Sometimes, I worry too much what people think.
As a working mom, I worry that other moms will think I'm too career-oriented. That I'm not focused enough on my family.
As a lawyer, I worry that if I talk too much about my kids (and constantly showcase my darling pictures and stories) business-minded folks won't think I'm a top-notch lawyer. Instead, they'll associate me with "mommy" brain.
Case in point, I've recently wondered whether driving my mommy mobile is a career limiting gesture. My wagon is scratched, worn, and dented (I’ve never pretended to be a skilled driver), but it has also survived the stains, pains, and drains of three small children.

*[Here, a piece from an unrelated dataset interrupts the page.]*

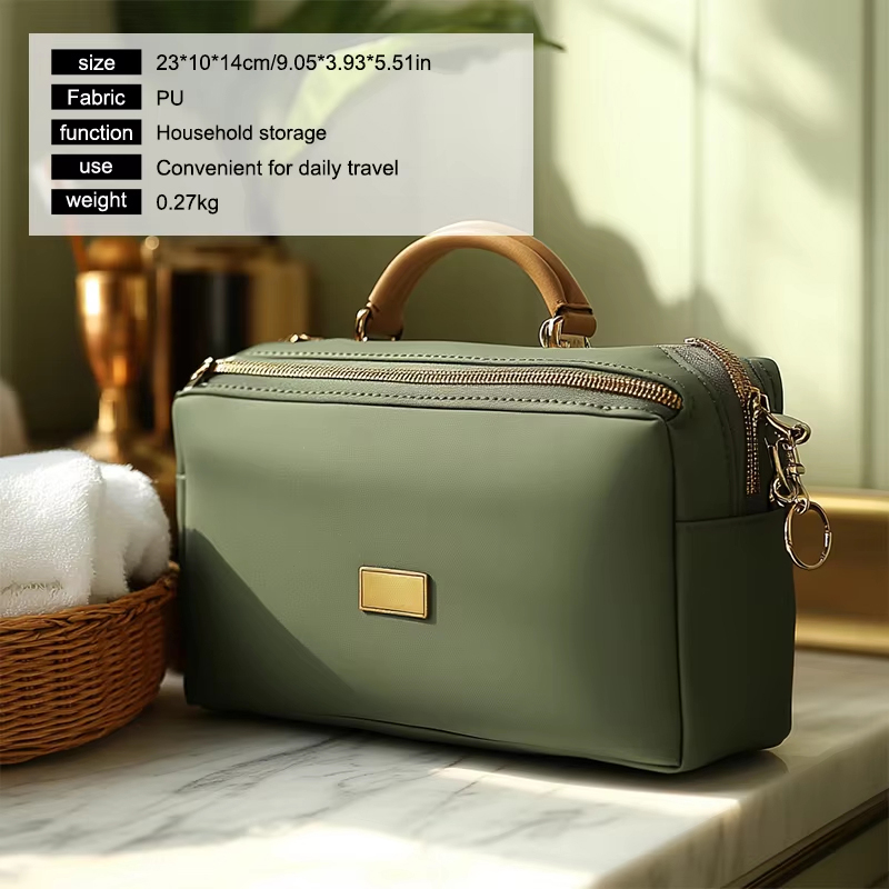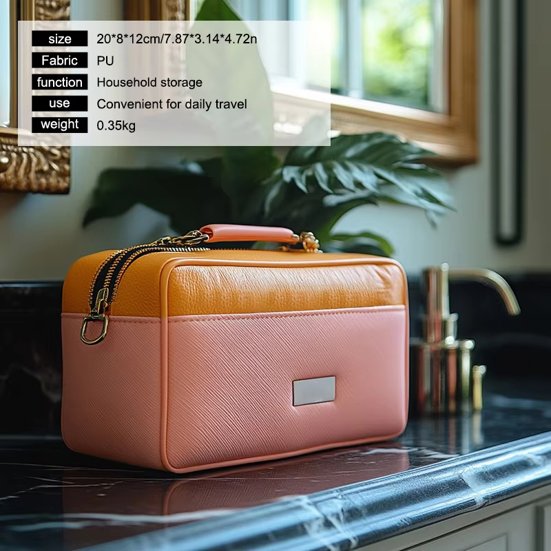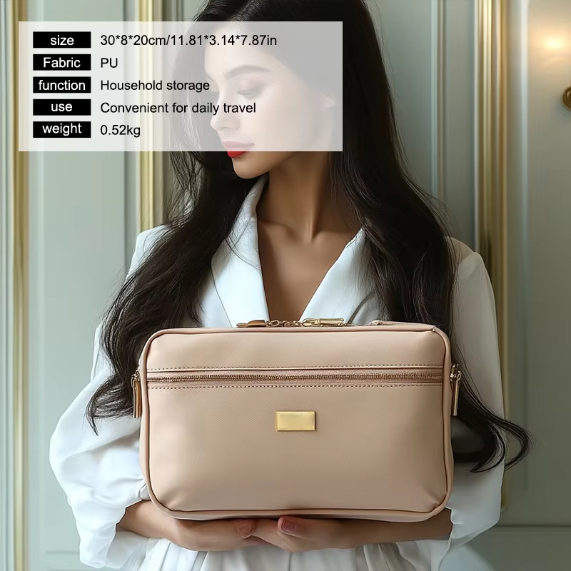 Realizzata in pelle PU, la borsa cosmetica portatile in pelle vanta un aspetto sofisticato e senza tempo. La texture liscia della pelle PU non solo aggiunge un tocco di lusso ma garantisce anche che la borsa sia resistente all'usura. Il materiale resistente gli consente di resistere all'uso quotidiano, rendendolo un compagno affidabile sia per i viaggi che per lo stoccaggio quotidiano.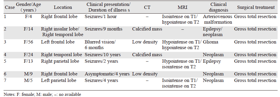 回顾性分析福建医科大学附属第一医院2012年6月—2014年11月手术治疗的7例MA。7例MA均为散发型,其中5例发生于右侧大脑半球,2例发生于左侧大脑半球。男性2例,女性5例,男女之比2:5。年龄4~56岁,平均17.86岁。首发症状为癫痫发作者5例,视物模糊者1例,发现肿块但无症状者1例,病程从1小时~10年。7例病例中收集到4例CT和4例MRI检查资料,其中6例表现为占位性病变。CT检查2例显示高密度钙化影,1例显示稍低密度影,1例显示低密度影;MRI检查结果分别为等T1短T2、长T1短T2、长T1等T2、等T1等T2各1例;对比增强扫描3例未见明显强化,1例明显均匀强化。典型病例例3见图 1。术前临床诊断困难,无一例诊断明确。7例均行肿瘤全切术,术后均未行放化疗。随访时间1~29月,均无复发,截止本次随访,所有病例无瘤生存,见表 1。

Which has recently caused me some embarassment.
I was visiting a high-profile client at his office. After the meeting he asked, “Hey, I hope it isn’t a bother, but I was hoping you could give me a ride to the dealer.”
My heart sank.
Did I mention that I also use my car as a second office? Since the passenger side is usually empty, I always have papers and trash sitting next to me. And I always spill my coffee, which is why there are multiple stains in the front seat and carpet.
“Of course you can have a ride," I replied.
He got into the front seat, and I just couldn’t find the right words.
Please excuse the stains, I can assure you they are old and don’t contain live bacteria.
Despite the dents on the passengers’ side, I’ve never hit another car – just my garage and inanimate objects.
I’m really a much better lawyer than driver.
I’m due for a new car, but I just haven’t make up my mind. There are too many options.
Nothing sounded quite right.
And I don’t know what bothered me more – the fact that he was riding in my mommy mobile, or the fact that I was so worried about it.
Do you ever get caught up worrying about what people think?